Cardio-oncology Part I: chemotherapy and cardiovascular toxicity

Meabh O'Hare, Ashwini Sharma, Katie Murphy, Farouk Mookadam, Howard Lee
Expert Review of Cardiovascular Therapy 2015, 13 (5): 511-8
Cancer and cardiovascular disease are the most common causes of mortality in the US, causing approximately 1.2 million deaths annually. The incidence of cancer is expected to increase as the population ages. The prognosis of cancer patients has improved over the last few decades primarily because of newer chemotherapeutic drugs; however, many of these drugs have cardiotoxic side effects. The short-term cardiovascular toxicities of more established drugs are well described; however, understanding of the underlying pathogenesis is increasing.

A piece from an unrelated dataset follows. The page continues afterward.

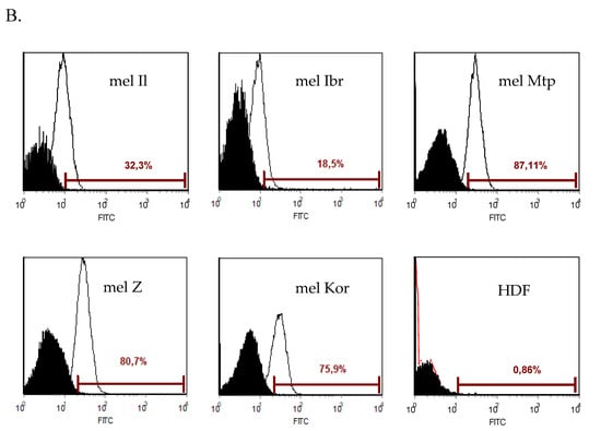 Expression of the CD46 receptor at the surface of melanoma cells and HDF as measured by flow cytometry. A total 1.0 × 105 cells were incubated with a FITC-conjugated anti-human CD46 antibodies in PBS containing 1.0% FBS for extracellular staining. After 30 min, cells were washed twice, resuspended in PBS and fixed with 1% PFA for 30 min. A. Plot of fluorescence intensity (relative to isotype) of cells stained with anti-CD46-FITC. The data shown are mean results from three separate experiments; error bars indicate standard deviation of the mean B. Representative histograms. The shaded histograms represent isotype control staining; the solid line histograms represent CD46 staining; OX—CD46 (FITC), OY—the number of cells.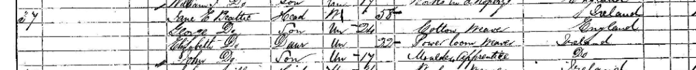 By the 1861 census Jane Ellen is a widow, living in Scotland, with 3 of her children – George, a cotton weavers, Elizabeth a Power Loom Weavers and John an apprentice. They were living in Bridgeton. A town that started as a small weaving village in 1705. However, not much interest was shown in the town until 1776 when Rutherglen Bridge was built over the River Clyde and the area became known as Bridge Town (or Brig Toun in Scots). The area was incorporated into the city of Glasgow officially in 1846.

The delayed cardiotoxic effects of cancer treatments have become an important issue contributing to mortality and morbidity as cancer survivorship increases. Chemotherapy-induced cardiotoxicity can manifest in many ways, from asymptomatic decreases in left ventricular ejection fraction to congestive heart failure. Hypertension is commonly seen both as a co-morbidity and a side effect of chemotherapy. In this article, we discuss the pathogenesis, scope, presentation and potential prevention of these toxicities.